*WORK ORDER*.
Starting at the line that contains "Big Ugly Fish", return every line through the end of the data exactly, without pictures.

*MATERIAL PROVIDED*.
* * * * * * * * *

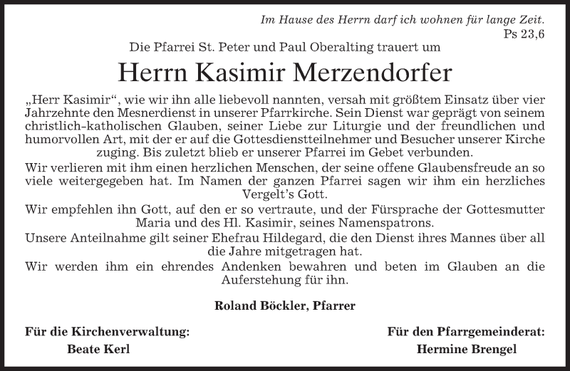 Hier finden Sie alle Traueranzeigen aus der Zeitung, die bisher für Kasimir Merzendorfer erschienen sind. Weitere Traueranzeigen, die in der Zeitung erscheinen, werden hier ebenfalls aufgelistet
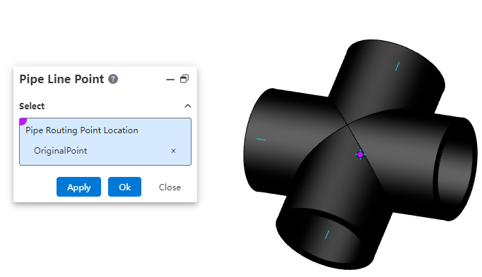 Note:Please note the concepts of route points and connection points. Connection points are used to determine the connection locations of piping, while route points are used to determine how the piping component is positioned on the 3D route sketch. The following elements can be picked for route point positions: origin, sketch point, endpoint of an edge/sketch line, circular edge, or circular plane.
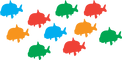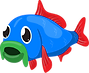 Big Ugly Fish are assembled from 3 main body parts, each of which is assigned one of 6 random colors. It's like pulling the lever on a slot machine to determine the colors for each Mouth, Body and Fins.
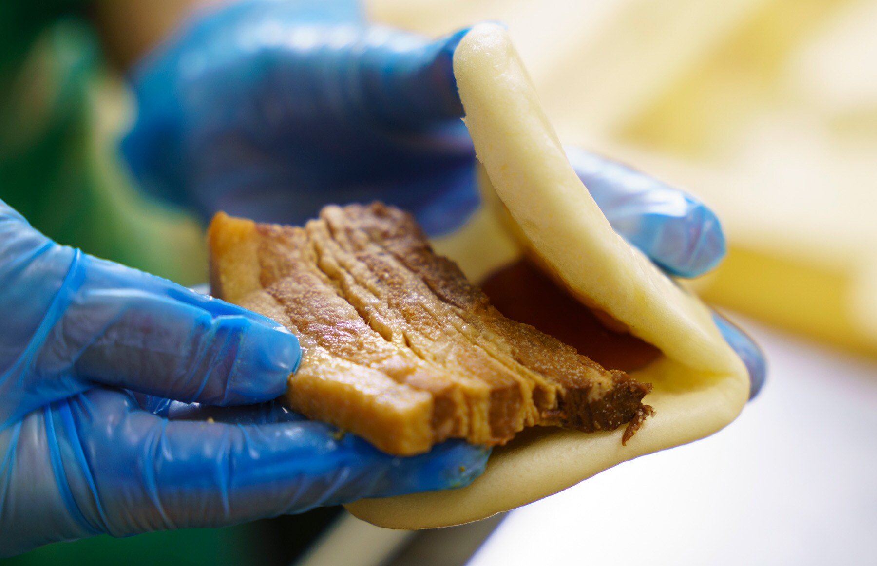 古より中国には肉などを万頭に挟んで食す文化があります。中でも長崎中華街では、トンポーロー(豚の角煮)を万頭とともに提供する料理が人気で、コース料理や卓袱料理の定番となっています。それを食べやすくしたのが「かくにまん」です。

* * * * * * * * *

*RESULT OF THIS EXERCISE*.
 Big Ugly Fish are assembled from 3 main body parts, each of which is assigned one of 6 random colors. It's like pulling the lever on a slot machine to determine the colors for each Mouth, Body and Fins.
 古より中国には肉などを万頭に挟んで食す文化があります。中でも長崎中華街では、トンポーロー(豚の角煮)を万頭とともに提供する料理が人気で、コース料理や卓袱料理の定番となっています。それを食べやすくしたのが「かくにまん」です。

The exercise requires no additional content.